* Source data *
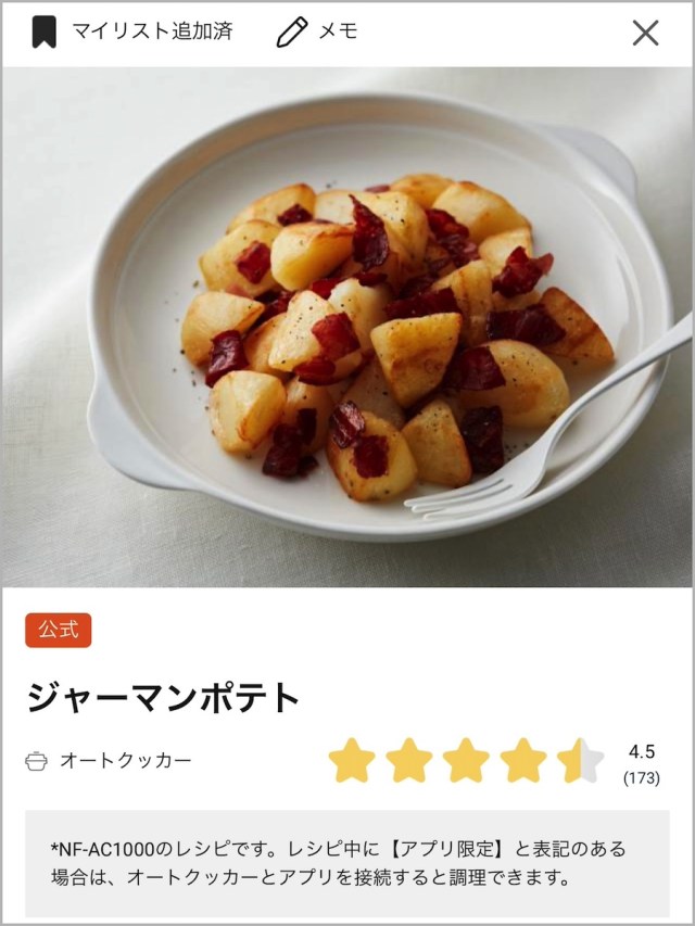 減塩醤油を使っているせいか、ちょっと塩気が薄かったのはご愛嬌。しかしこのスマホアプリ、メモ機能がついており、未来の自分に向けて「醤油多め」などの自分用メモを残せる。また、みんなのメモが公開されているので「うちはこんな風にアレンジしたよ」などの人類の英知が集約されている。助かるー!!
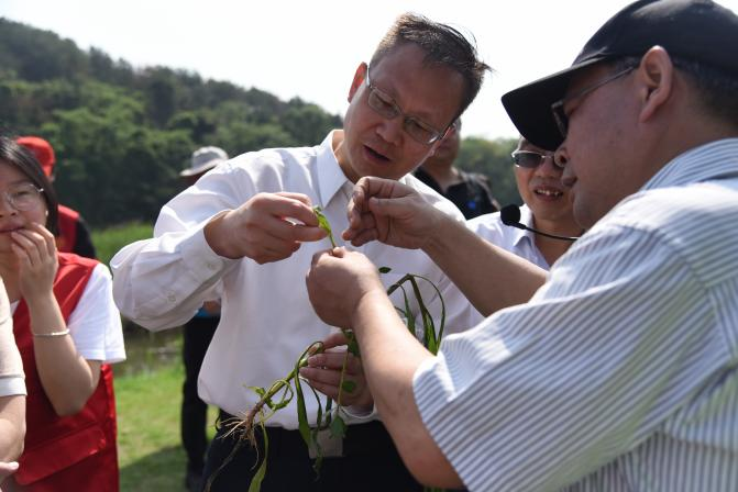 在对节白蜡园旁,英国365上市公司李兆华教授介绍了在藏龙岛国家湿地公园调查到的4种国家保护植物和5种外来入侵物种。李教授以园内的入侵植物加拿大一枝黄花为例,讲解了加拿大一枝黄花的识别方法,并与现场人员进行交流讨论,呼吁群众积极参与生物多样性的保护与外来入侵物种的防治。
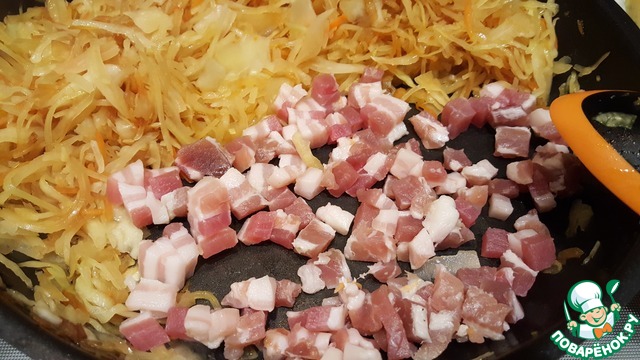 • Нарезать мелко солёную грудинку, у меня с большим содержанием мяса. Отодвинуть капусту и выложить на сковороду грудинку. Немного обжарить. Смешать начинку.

* Task *
Reproduce the material exactly; keep pictures out.

* Exercise solution *
 減塩醤油を使っているせいか、ちょっと塩気が薄かったのはご愛嬌。しかしこのスマホアプリ、メモ機能がついており、未来の自分に向けて「醤油多め」などの自分用メモを残せる。また、みんなのメモが公開されているので「うちはこんな風にアレンジしたよ」などの人類の英知が集約されている。助かるー!!
 在对节白蜡园旁,英国365上市公司李兆华教授介绍了在藏龙岛国家湿地公园调查到的4种国家保护植物和5种外来入侵物种。李教授以园内的入侵植物加拿大一枝黄花为例,讲解了加拿大一枝黄花的识别方法,并与现场人员进行交流讨论,呼吁群众积极参与生物多样性的保护与外来入侵物种的防治。
 • Нарезать мелко солёную грудинку, у меня с большим содержанием мяса. Отодвинуть капусту и выложить на сковороду грудинку. Немного обжарить. Смешать начинку.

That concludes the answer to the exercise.